Background Prader-Willi Syndrome (PWS) results from loss of paternally imprinted gene (s) from the 15q 11-13 region and is characterised by weight faltering during early childhood due to hypotonia, followed by obesity due to onset of the hyperphagic phase.

Aim of study (1) To determine the presence of an age zone during which excess1 weight gain is particularly likely, in order to target counselling and dietary input. (2) To identify any possible factors that may contribute in the onset of the excessive weight gain.

Method Body Mass Index (BMI) was calculated for each data point in 40 patients with PWS (M=24, F=16) from a single centre seen over a 20-year period. Two researchers independently scrutinised the chart for each patient and to estimate or identify the age at which an inappropriate rise in BMI began.

Results 76 patients were identified of which 36 had insufficient data for analysis leaving 40 for study. No inappropriate increase in BMI trend occurred in (10 patients), at last data point 5.3 (1.5-15.2) years. Age at BMI increase could not be ascertained in 9 patients, all of whom became obese (BMI SDS >2) by 3.2 (2-5) years. Of 21 patients in whom age at BMI increase could be estimated (8 patients) or precisely identified (13 patients) the median age at the time of increase was 2 (0.5-3.8) years with 18/21 patients showing onset of increase between 1 and 2 years of age.

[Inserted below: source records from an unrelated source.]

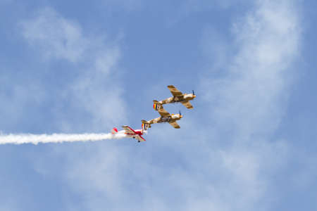 Acrobatic patrol Jacob52 during an acrobatic exhibition in flight at Matilla aerodrome, in Tordesillas, Spain
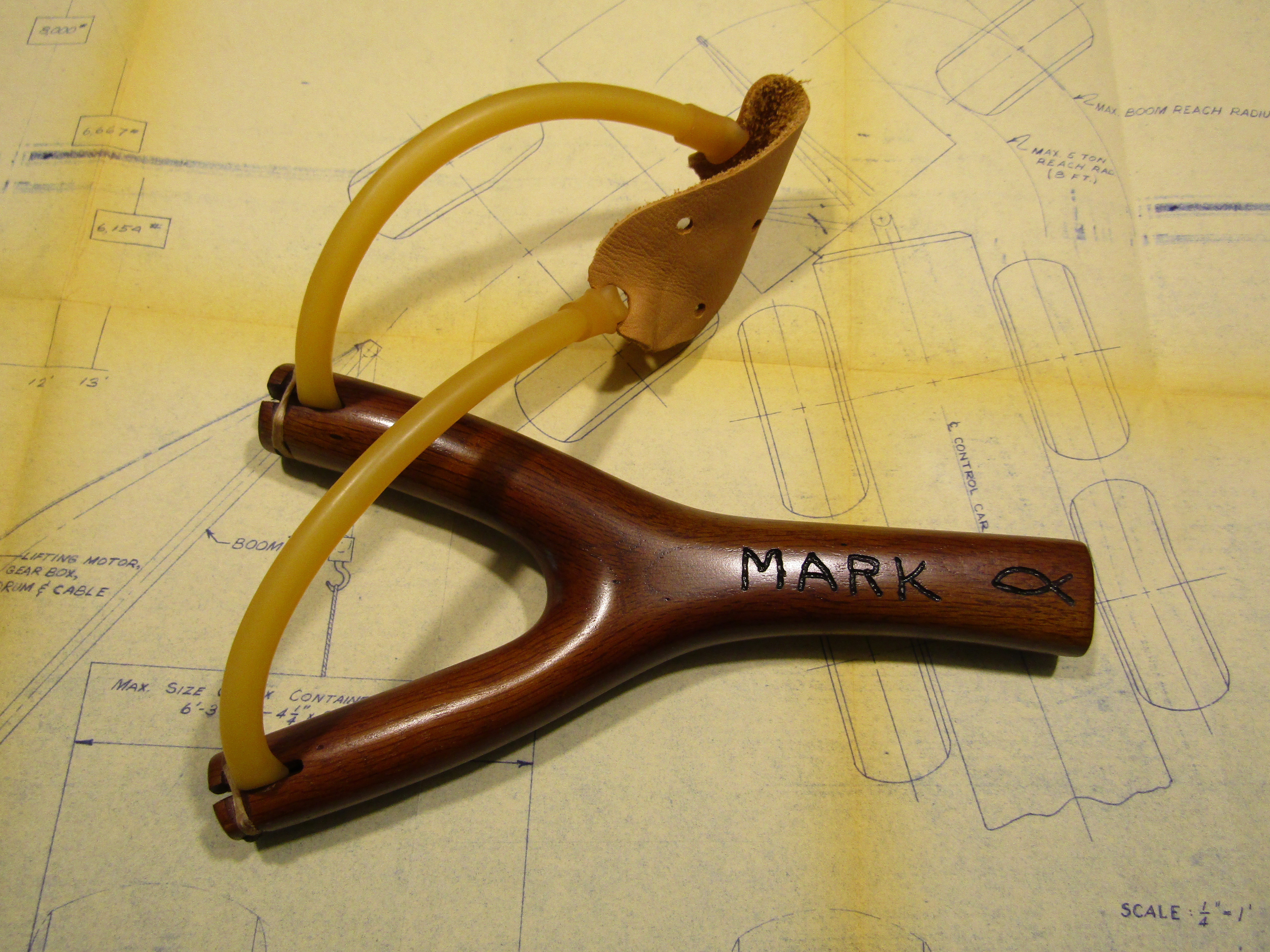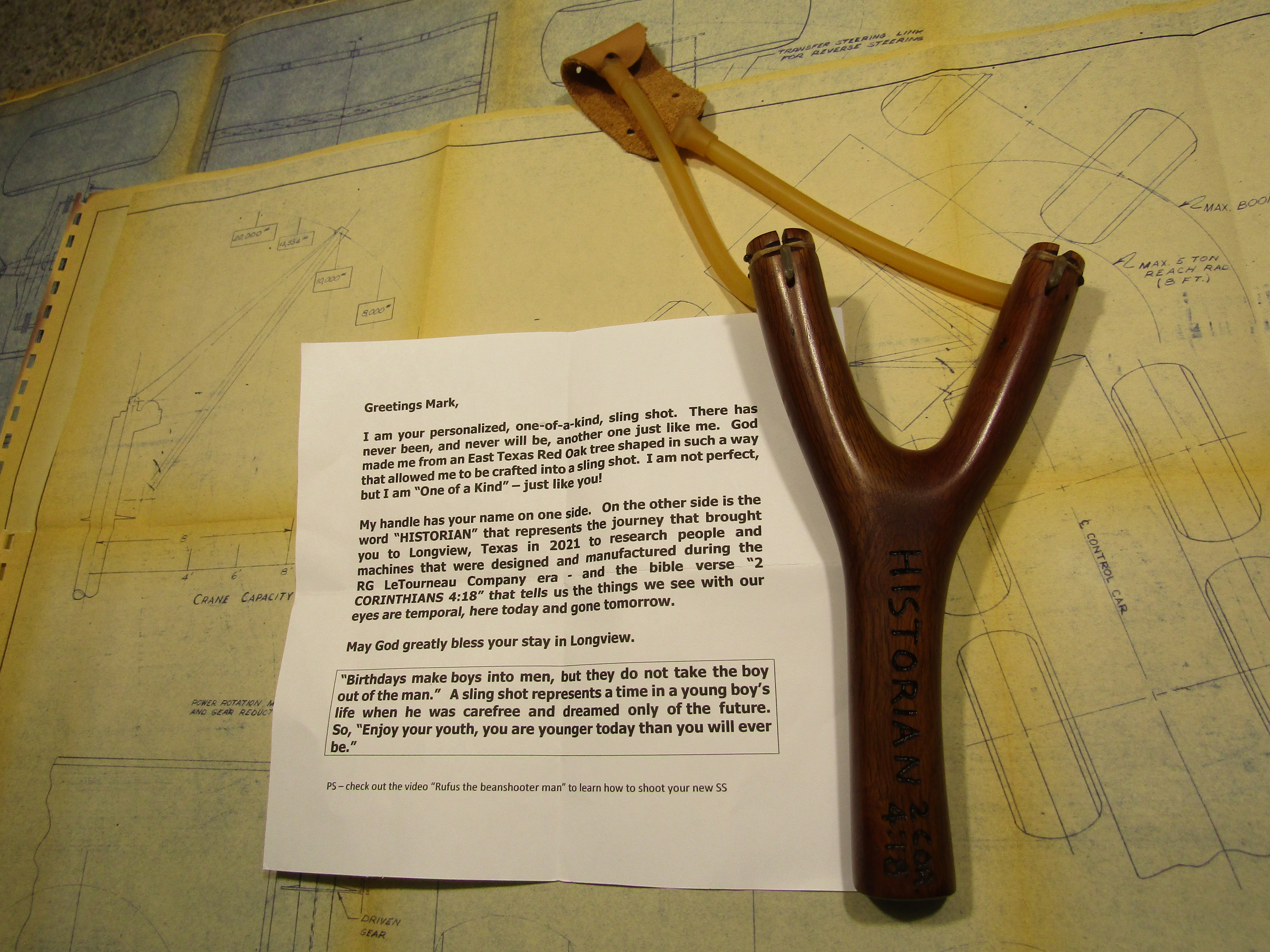During my trip to Texas last week, I interviewed a man who drafted the suspension components for the Overland Train MkII. The interview lasted only an hour. A couple of days later, we met up with another man who worked on the R.G. LeTourneau, Inc assembly line. During the 2 hour lunch, he gave me a custom slingshot. He makes these custom for each person that he deems worthy of his creations. This is built out of Red Oak and has custom engravings on each side.
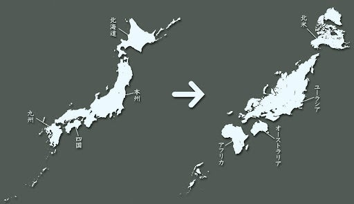 更有趣的是,日本群島就像是世界七大洲的縮影。北海島的形狀非常像縮小版的北美洲,日本本州的的形狀非常像縮小版的歐亞大陸。日本的四國非常像縮小版的澳洲。九州的的形狀非常像縮小版的非洲。
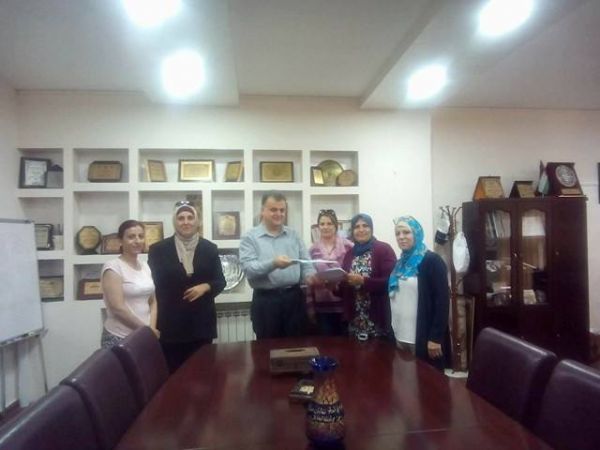 وحضر التوقيع كل من الأمين العام شاهر سعد وعائشة حموضة مسئولة دائرة المرأة في الاتحاد وغاده ابو غليون منسقة مشروع البتروكيماويات وجويرية منسقة دائرة في محافظة المرأة ونادية شحادة مديرة جمعية مدرسة الأمهات وشهيرة بلبيسي منسقة المشروع في جمعية مدرسة الامهات.
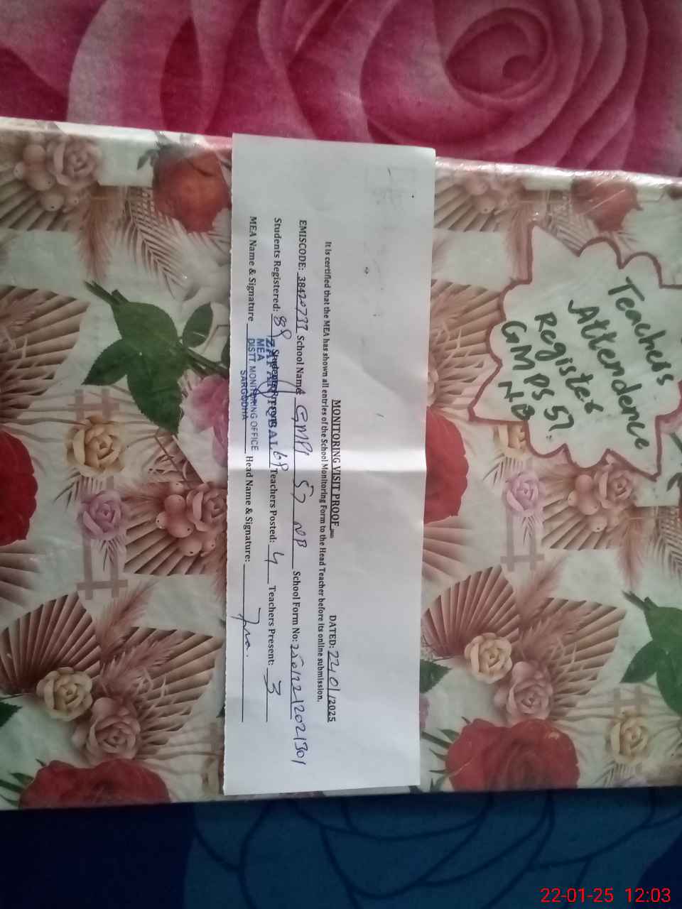 | Attendance Register | Head Teacher | MEA with School | Visit Proof |
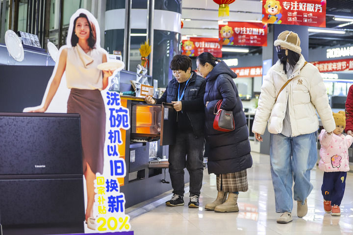 2025年1月8日,顧客在山東省青島市李滄區(qū)李村街道一家商場(chǎng)選購洗碗機(jī)。新華社發(fā)(張鷹 攝)

Significant negative correlation between age of transition and term of gestation (r=−0.530), gestational age (r=−0.530) and birth weight (r=−0.416) was found from all the measured variables.

Conclusion The critical age of excessive BMI increase in most PWS subjects is between 1 and 2 years, regardless the measured factors except of birth weight and Gestational age, suggesting other underlying path-physiological factors. Structured input from a multidisciplinary team should be intensified at one year of life to pre-empt this trend.